Try it
Please repeat each line from the one holding "Женское повседневное длинное" through the final line of the data, exactly as it stands, with no pictures.

Information shown
==========
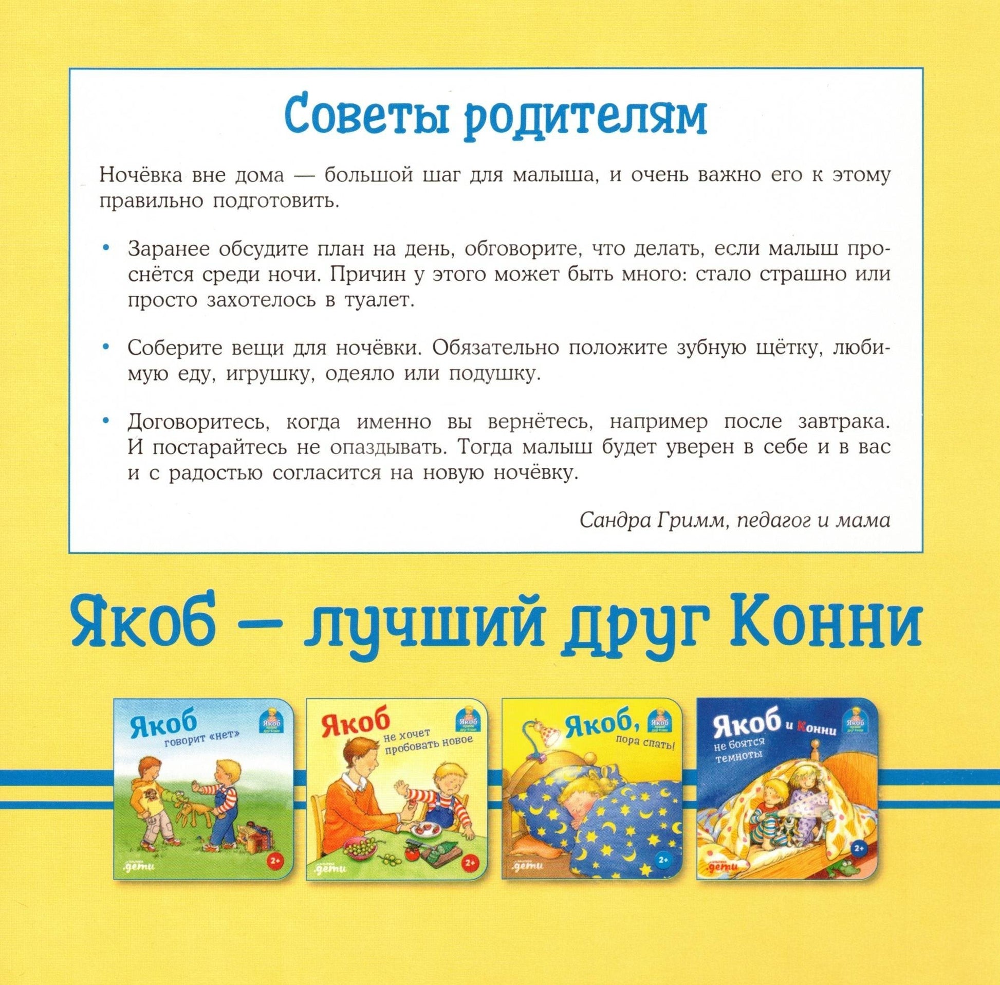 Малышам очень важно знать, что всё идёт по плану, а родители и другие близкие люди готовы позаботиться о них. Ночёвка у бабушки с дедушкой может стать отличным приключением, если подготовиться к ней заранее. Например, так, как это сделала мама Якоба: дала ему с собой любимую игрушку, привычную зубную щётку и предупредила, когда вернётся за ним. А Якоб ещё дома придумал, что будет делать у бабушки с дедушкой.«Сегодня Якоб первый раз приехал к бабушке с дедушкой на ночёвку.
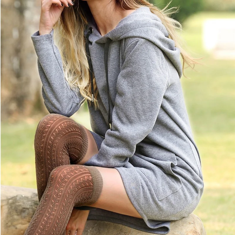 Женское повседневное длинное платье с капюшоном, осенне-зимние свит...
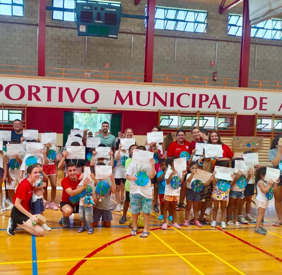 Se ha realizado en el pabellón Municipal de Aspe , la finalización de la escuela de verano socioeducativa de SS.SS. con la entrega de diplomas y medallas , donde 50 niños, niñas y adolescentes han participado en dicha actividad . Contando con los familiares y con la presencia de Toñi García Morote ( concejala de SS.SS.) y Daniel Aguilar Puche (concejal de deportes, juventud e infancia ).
==========
Answer for this exercise
 Женское повседневное длинное платье с капюшоном, осенне-зимние свит...
 Se ha realizado en el pabellón Municipal de Aspe , la finalización de la escuela de verano socioeducativa de SS.SS. con la entrega de diplomas y medallas , donde 50 niños, niñas y adolescentes han participado en dicha actividad . Contando con los familiares y con la presencia de Toñi García Morote ( concejala de SS.SS.) y Daniel Aguilar Puche (concejal de deportes, juventud e infancia ).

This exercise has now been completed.